Source data:
BEGIN
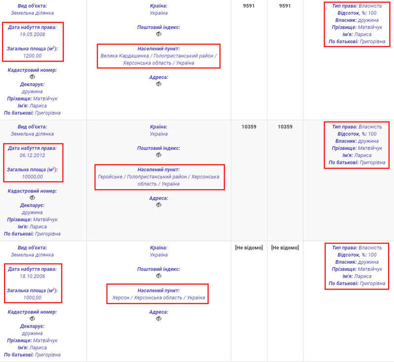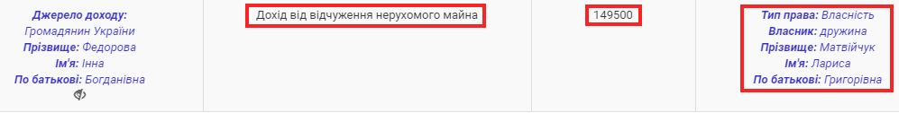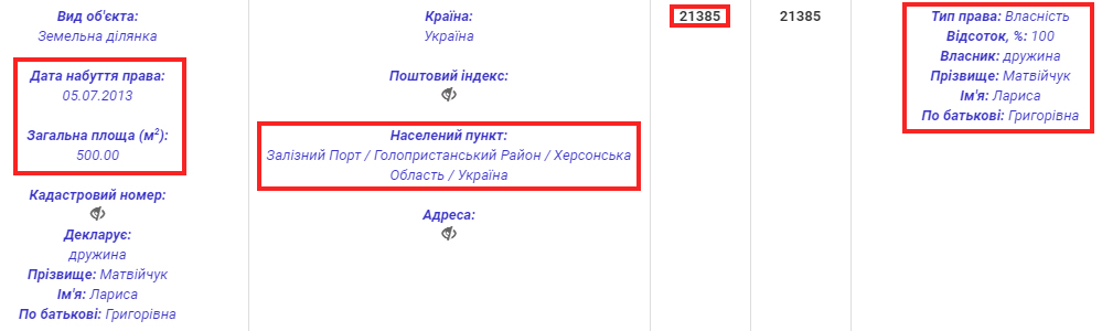 У 2016 році Лариса Матвійчук відчужила нерухоме майно – земельну ділянку на 500 кв. м у Херсонській області за 149 500 грн. Нагадаємо, що це порогова сума готівкового розрахунку.
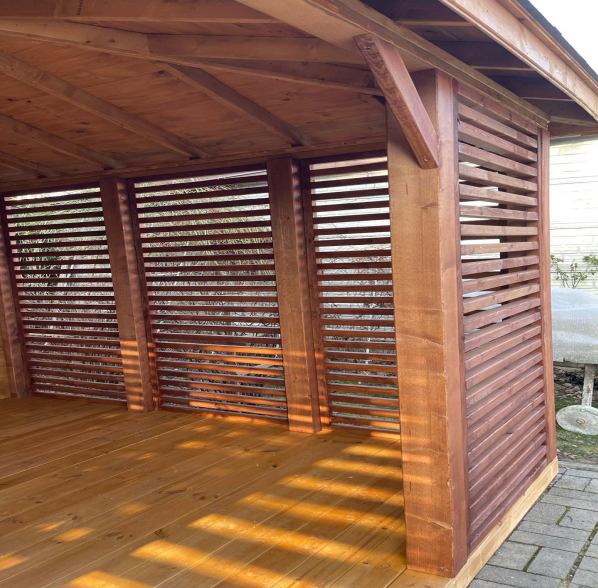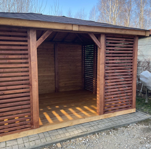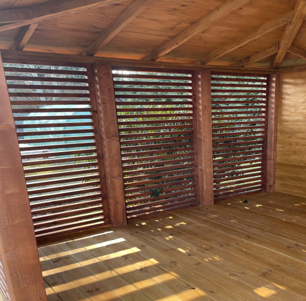 Nowoczesna altana Julia to doskonałe rozwiązanie dla osób ceniących funkcjonalność i styl. Zamknięta konstrukcja z eleganckimi, drewnianymi lamelami zapewnia prywatność, jednocześnie pozwalając na swobodny przepływ powietrza. Solidne zadaszenie chroni przed deszczem i intensywnym słońcem, dzięki czemu można z niej korzystać w każdą pogodę. Wnętrze altany oferuje przestrzeń która może służyć do wypoczynku czy organizacji spotkań.
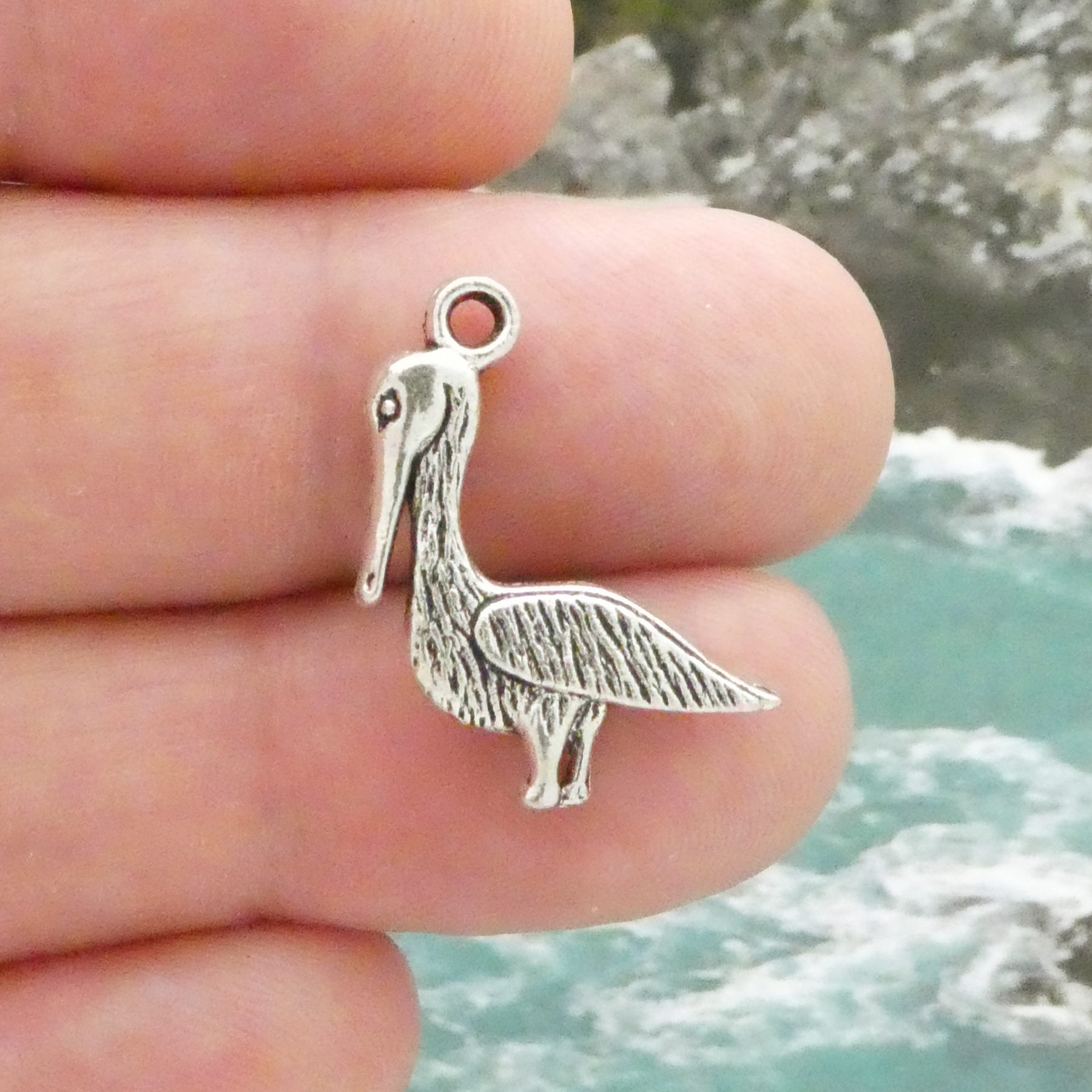 You will receive BULK 30 – Double Sided Pelican Charms in Antique Silver Pewter by TIJC! These charms are a quality Silver Pewter for all your jewelry and crafting projects!
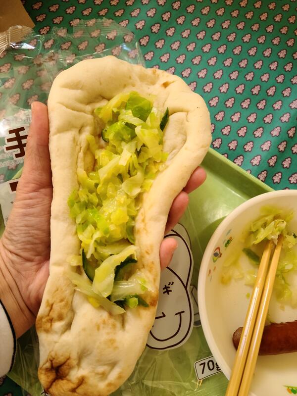 今日の多菜包子には,キャベツ・玉ねぎ・しょうがの他に,豚肉・鶏肉・ひじきが入っていて,給食センターでは蒸してから皆さんの学校へ届けています。
END
Retype the lines starting with the one that holds "You will receive" and ending with the last line of the data above, both included; skip the pictures.

Written answer:
 You will receive BULK 30 – Double Sided Pelican Charms in Antique Silver Pewter by TIJC! These charms are a quality Silver Pewter for all your jewelry and crafting projects!
 今日の多菜包子には,キャベツ・玉ねぎ・しょうがの他に,豚肉・鶏肉・ひじきが入っていて,給食センターでは蒸してから皆さんの学校へ届けています。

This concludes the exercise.